In Australia and the Covid hotspot of Melbourne, one on-liner points out that total Covid deaths announced for Victoria today were one female in her 80s, three females in their 90s and one female in her 100s, and this does not justify lockdowns.
That prompts responses like: “Mate, just because they were old, doesn’t mean their lives are worthless.” and then: “Why not ban death hazards altogether. No cars. No skateboarding, cycling, hijinks or hipsters. Then we can all die of nothing.”
The attitude is ‘people should ignore the science, do as they please and if the elderly die off a bit earlier than they otherwise might have then that’s an acceptable price to pay so that the rest of us can carry on as usual’.
There’s a mangled argument in there. A sizable minorityare saying the elderly are too prone, too inconvenient, too expensive, and too old to treat. Unworthy of care, besides they’re going to die soon, anyway. Expendable.

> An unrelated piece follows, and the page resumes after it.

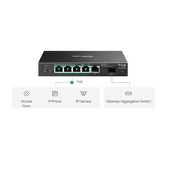 5× гигабитови порта (4× PoE+), 1× SFP слот

But why stop there? Why not just abandon all help and hope for the elderly in all circumstances, relieve society of their burden and everyone else can go to the football or do as they please.
That would remove awkward questions like who decides who dies and when.It’s actually called senicide, a disturbing, Hitleresque word which means the killing of elderly or their abandonment to death, which makes the issues that exploded out of lockdowns with the stir-crazy protestors of the Black Lives Movement look rather petty.
Humans don’t do Darwin, animals do. Humans – perhaps not all – have ethics and culture. That’s how we sort out the bullies and how people look after society as a whole. I never did get to the other side so I can’t vouch for it but at 57 I went close.
I’ll be forever grateful for the doctors, nurses and the caring people who helped me, whether I last another 10, 20 or 30 years. They were professional, ethical and served according to the needs of the patient. It’s the type of care all people should be entitled to, including the old.
There could be exemptions. Those advocating senicide come to mind.